* **WHAT NEEDS TO BE DONE**
With the images removed, repeat the data below exactly.

* **INFORMATION SUPPLIED**
★ ★ ★ ★ ★
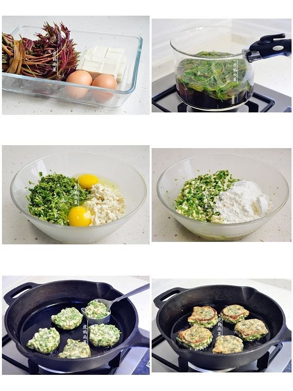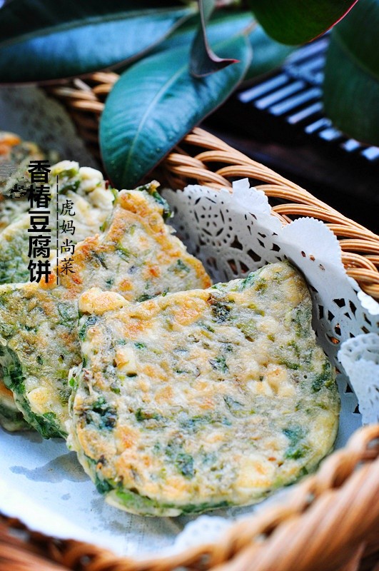 材料;香椿85克(焯烫),豆腐130克,鸡蛋2个,面粉30克,芝麻油10克,盐3克。
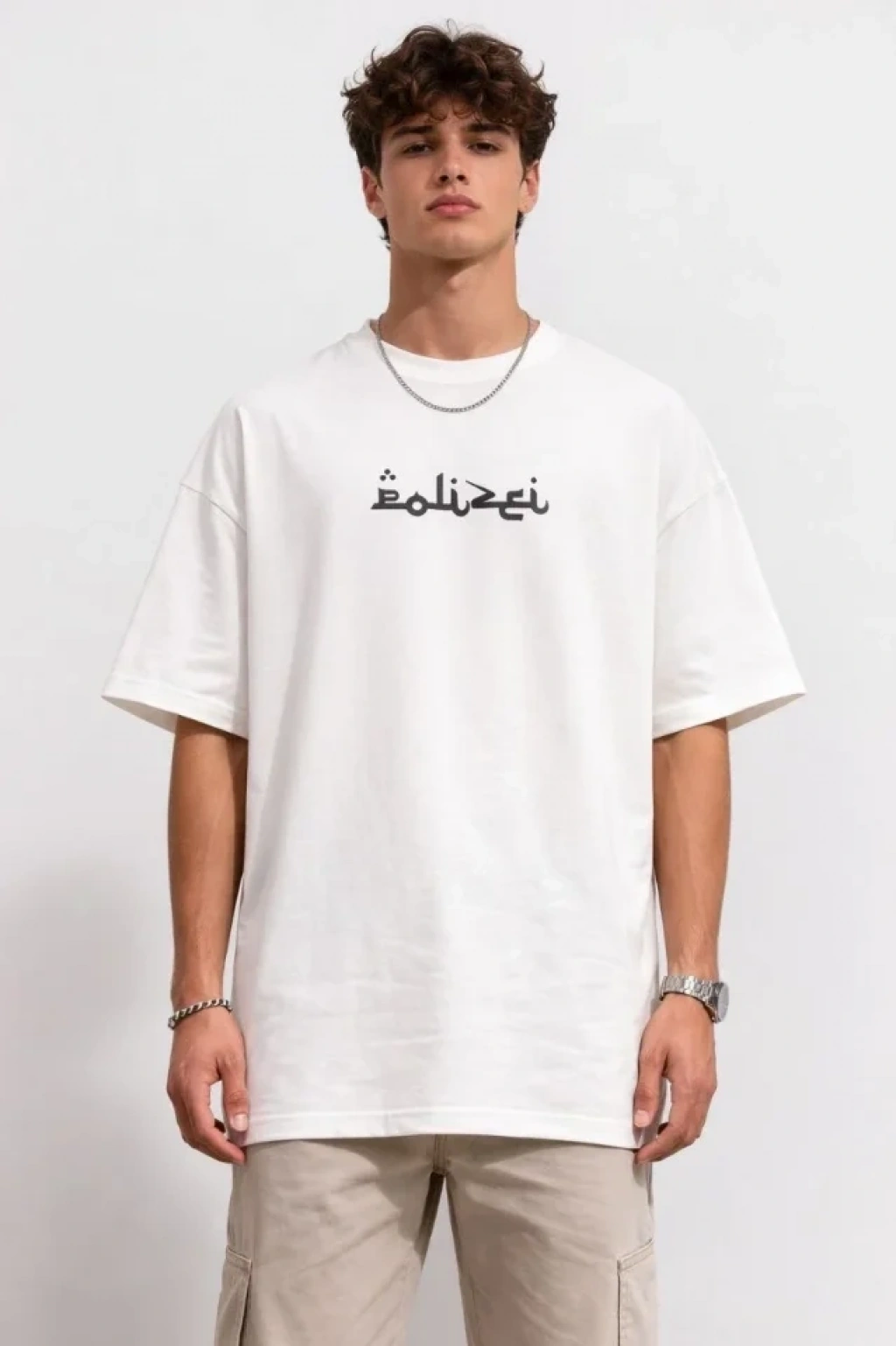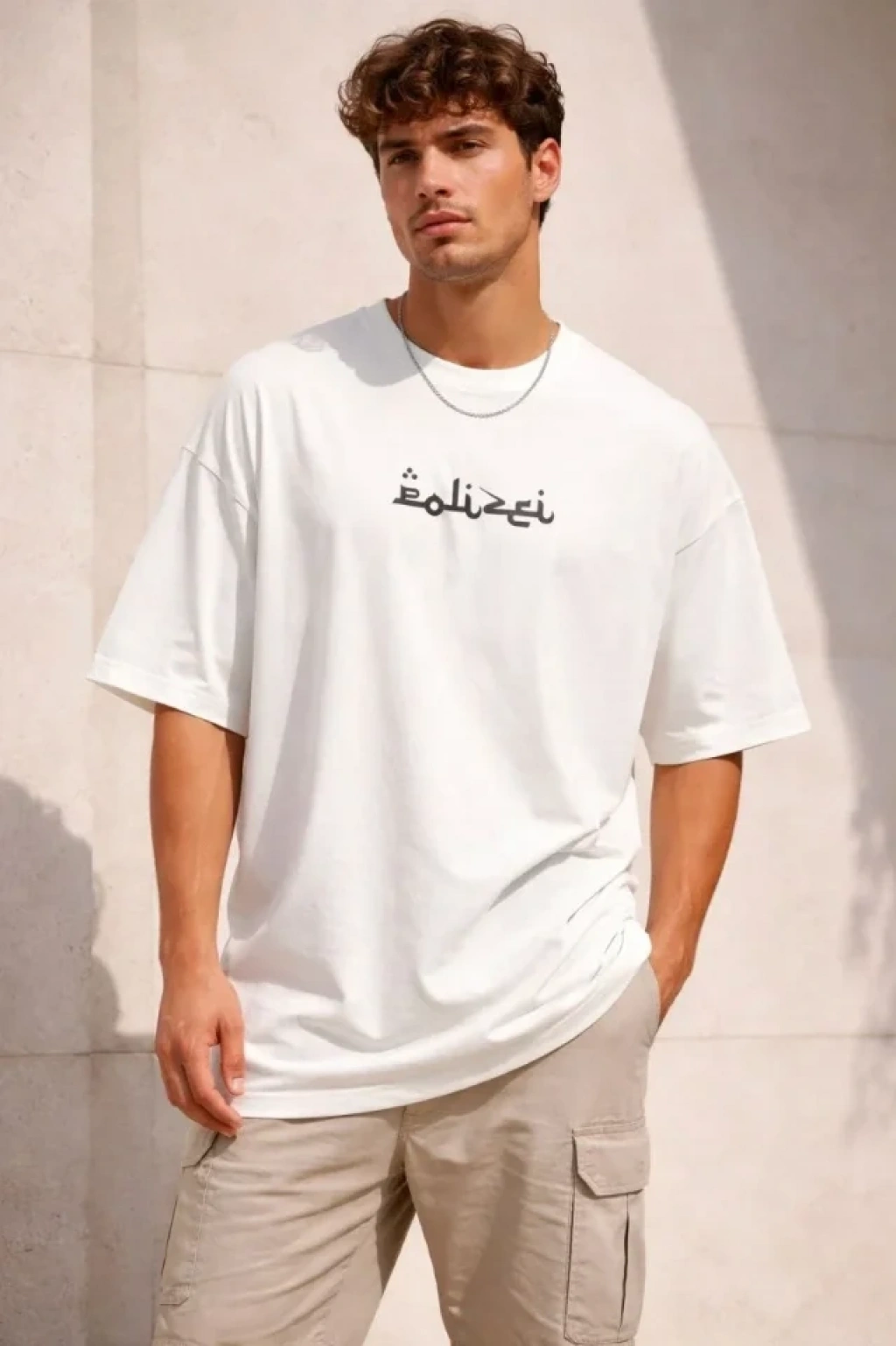 Erkek Bisiklet Yaka Baskılı Kısa Kollu Tişört Streetwear Günlük Basic Pamuklu T-shirt - Beyaz
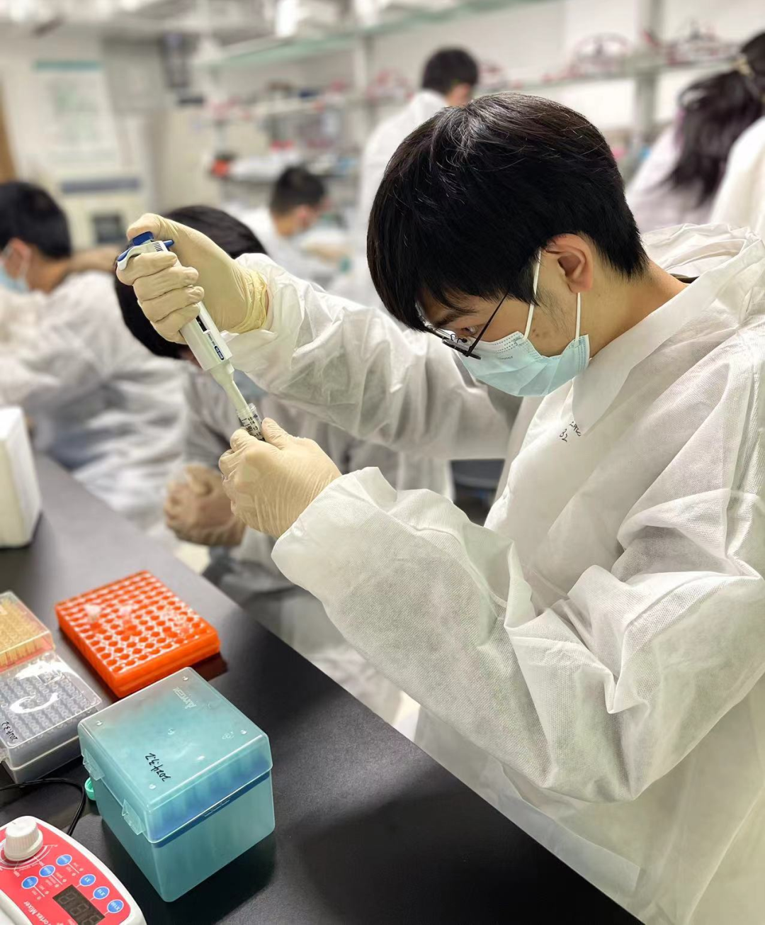 一入实验室,我就被琳琅满目的实验器材吸引了,各式各样的离心机、移液枪、电泳仪、PCR仪以及更多叫不上名的仪器设备,都让我深深感受到高中与大学的硬件差距,全英文授课在老师们的详细指导下也显得不那么困难。在和我的搭档——朱健生的通力合作下,经过一上午的紧张实验,我们成功提取出了小鼠肝脏DNA,并且纯度是最高的,下午的PCR和电泳实验也圆满成功,这无疑是一天中最开心的事!
★ ★ ★ ★ ★
* **ANSWER TO THIS PROBLEM**
 材料;香椿85克(焯烫),豆腐130克,鸡蛋2个,面粉30克,芝麻油10克,盐3克。
 Erkek Bisiklet Yaka Baskılı Kısa Kollu Tişört Streetwear Günlük Basic Pamuklu T-shirt - Beyaz
 一入实验室,我就被琳琅满目的实验器材吸引了,各式各样的离心机、移液枪、电泳仪、PCR仪以及更多叫不上名的仪器设备,都让我深深感受到高中与大学的硬件差距,全英文授课在老师们的详细指导下也显得不那么困难。在和我的搭档——朱健生的通力合作下,经过一上午的紧张实验,我们成功提取出了小鼠肝脏DNA,并且纯度是最高的,下午的PCR和电泳实验也圆满成功,这无疑是一天中最开心的事!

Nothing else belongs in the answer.